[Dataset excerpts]
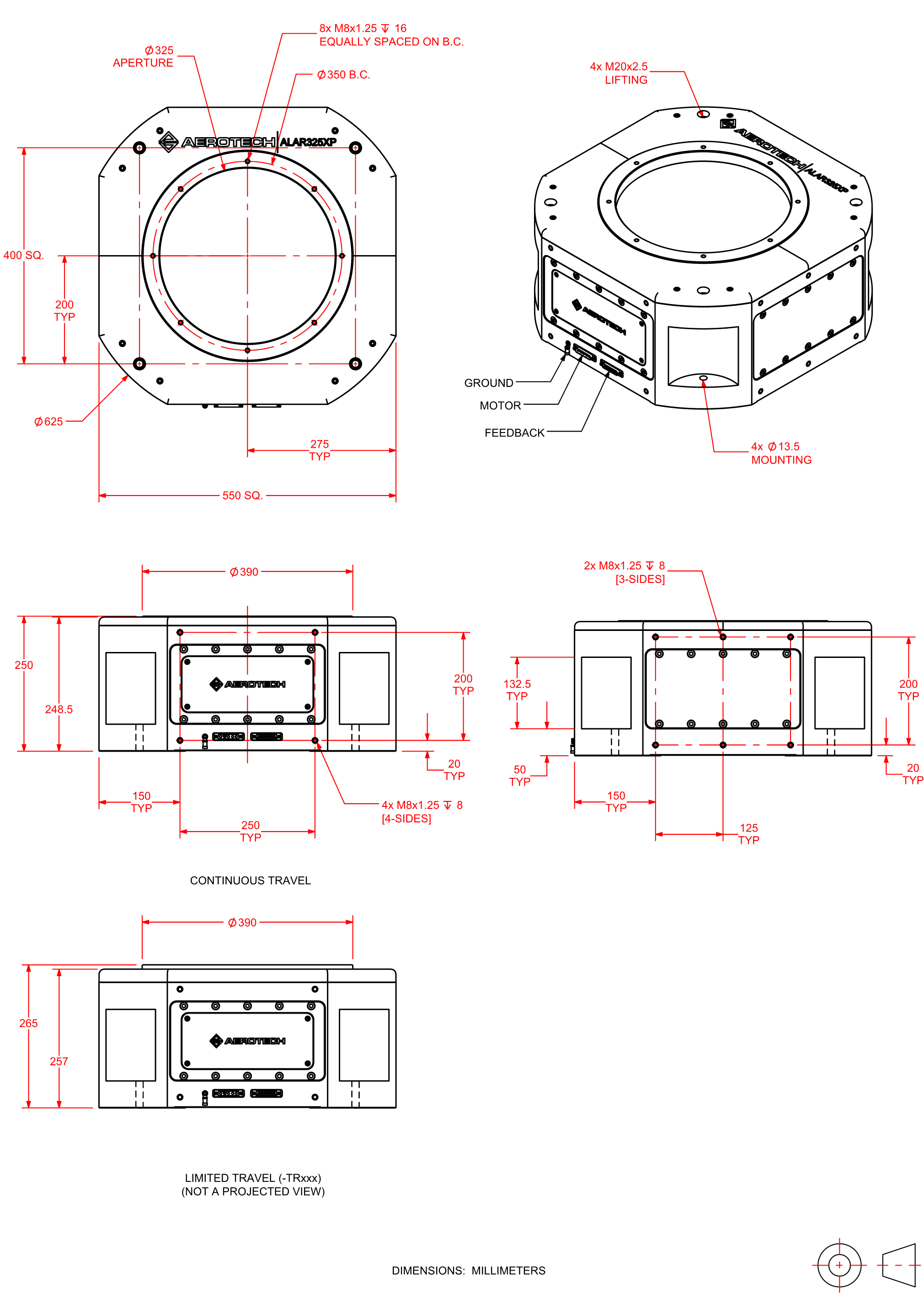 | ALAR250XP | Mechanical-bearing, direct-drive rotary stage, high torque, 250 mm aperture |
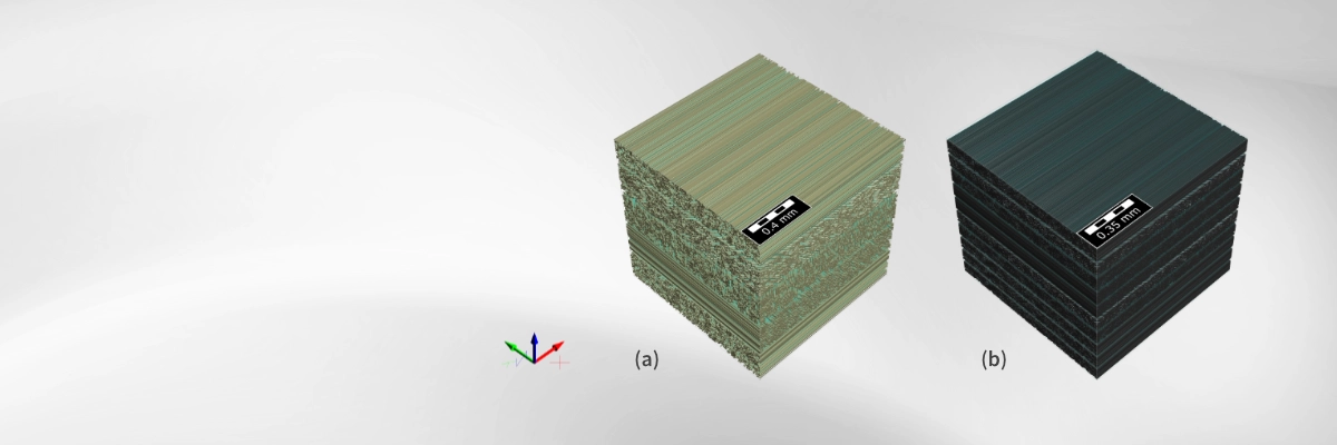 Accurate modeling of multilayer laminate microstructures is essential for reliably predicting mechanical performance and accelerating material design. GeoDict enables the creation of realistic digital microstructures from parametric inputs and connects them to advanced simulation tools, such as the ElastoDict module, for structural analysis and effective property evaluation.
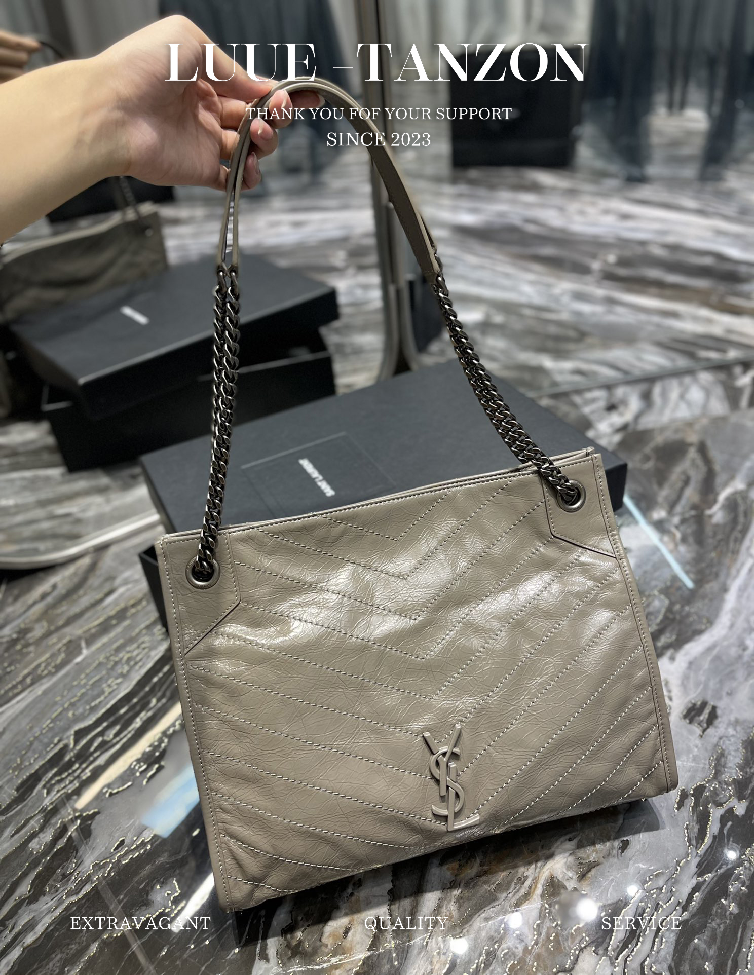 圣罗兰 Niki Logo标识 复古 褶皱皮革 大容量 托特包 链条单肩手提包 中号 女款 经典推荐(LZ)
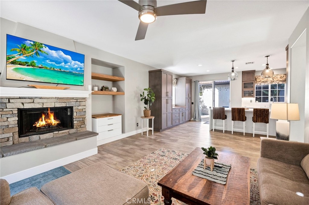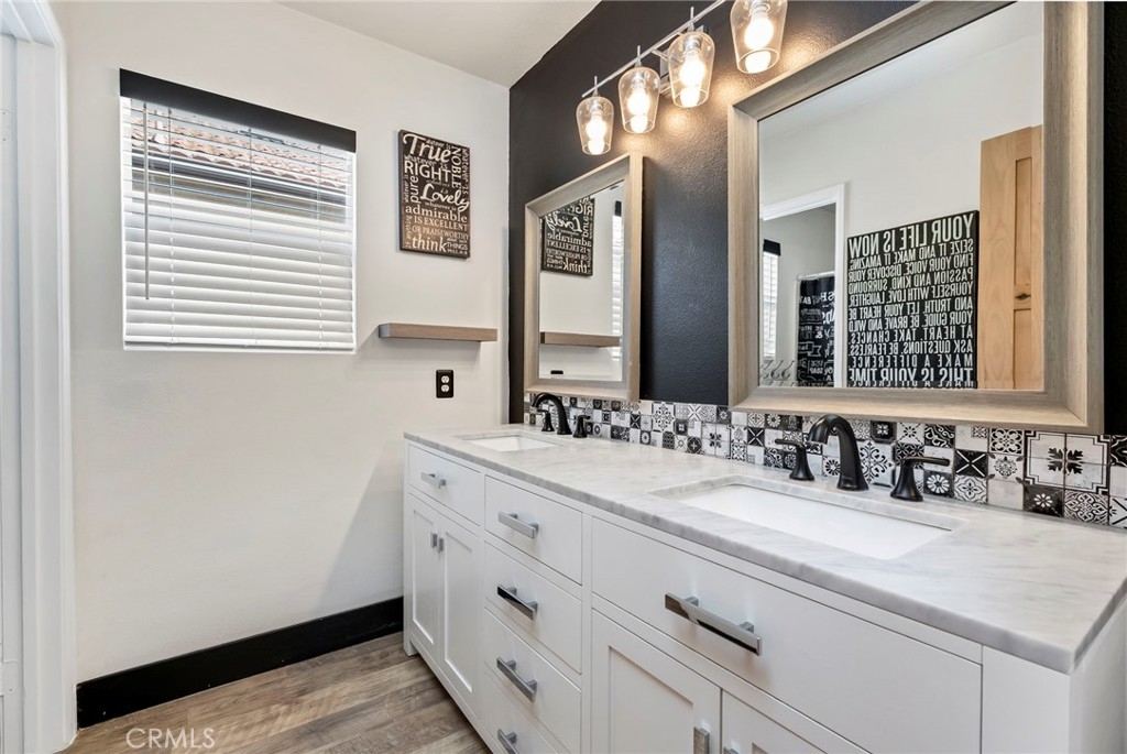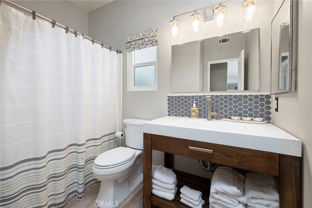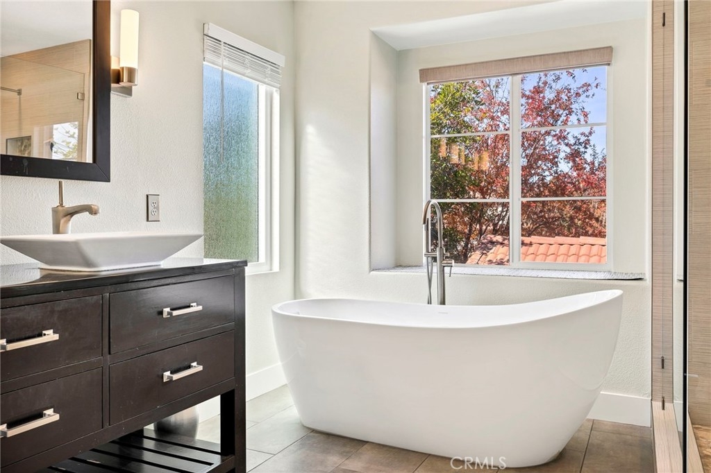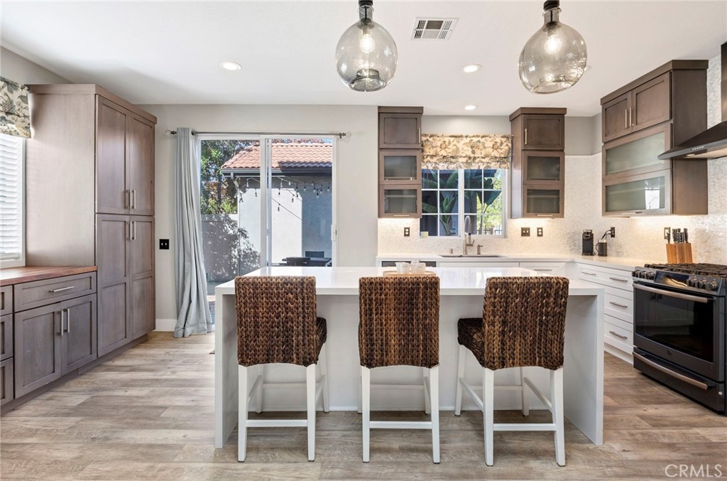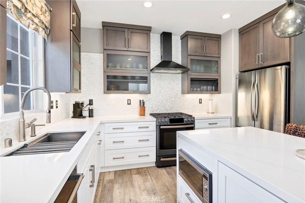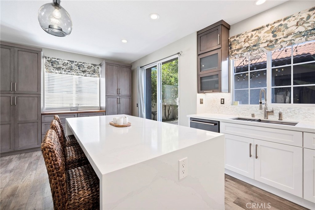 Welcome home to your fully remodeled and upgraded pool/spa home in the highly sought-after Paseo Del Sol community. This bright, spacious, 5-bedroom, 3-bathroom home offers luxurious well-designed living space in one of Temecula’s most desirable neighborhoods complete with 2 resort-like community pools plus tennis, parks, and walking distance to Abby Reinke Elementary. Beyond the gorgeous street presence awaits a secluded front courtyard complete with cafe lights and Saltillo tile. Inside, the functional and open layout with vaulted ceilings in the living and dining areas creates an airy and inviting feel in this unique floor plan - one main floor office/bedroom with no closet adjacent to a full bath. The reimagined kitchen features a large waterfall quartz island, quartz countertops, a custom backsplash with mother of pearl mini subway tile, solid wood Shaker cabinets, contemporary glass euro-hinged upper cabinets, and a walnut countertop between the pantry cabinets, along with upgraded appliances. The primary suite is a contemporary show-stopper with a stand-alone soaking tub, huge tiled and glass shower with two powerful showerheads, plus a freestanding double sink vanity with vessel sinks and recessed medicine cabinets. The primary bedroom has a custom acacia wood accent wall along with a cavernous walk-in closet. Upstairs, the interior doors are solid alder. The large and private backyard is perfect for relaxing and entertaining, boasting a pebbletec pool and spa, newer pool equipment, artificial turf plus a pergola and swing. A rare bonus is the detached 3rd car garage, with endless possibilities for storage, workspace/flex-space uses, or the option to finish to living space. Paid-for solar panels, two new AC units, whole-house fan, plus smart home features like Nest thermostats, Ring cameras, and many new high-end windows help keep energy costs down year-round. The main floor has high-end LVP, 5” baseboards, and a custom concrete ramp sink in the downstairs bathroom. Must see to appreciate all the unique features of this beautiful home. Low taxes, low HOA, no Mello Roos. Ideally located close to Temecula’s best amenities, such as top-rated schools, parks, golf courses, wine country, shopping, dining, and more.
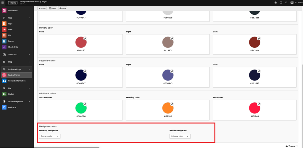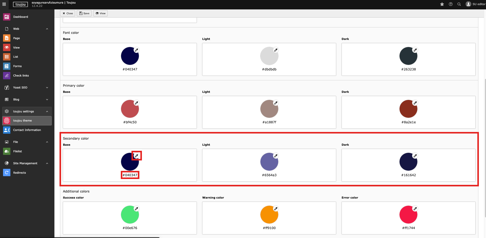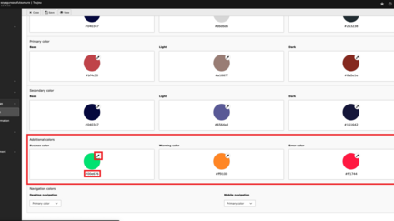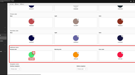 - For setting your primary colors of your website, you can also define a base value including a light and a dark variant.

Work order:
Retype each line of the data exactly, beginning with the first; include the line containing "圣罗兰 Niki Logo标识" and stop there, skipping every picture.

Result:
 | ALAR250XP | Mechanical-bearing, direct-drive rotary stage, high torque, 250 mm aperture |
 Accurate modeling of multilayer laminate microstructures is essential for reliably predicting mechanical performance and accelerating material design. GeoDict enables the creation of realistic digital microstructures from parametric inputs and connects them to advanced simulation tools, such as the ElastoDict module, for structural analysis and effective property evaluation.
 圣罗兰 Niki Logo标识 复古 褶皱皮革 大容量 托特包 链条单肩手提包 中号 女款 经典推荐(LZ)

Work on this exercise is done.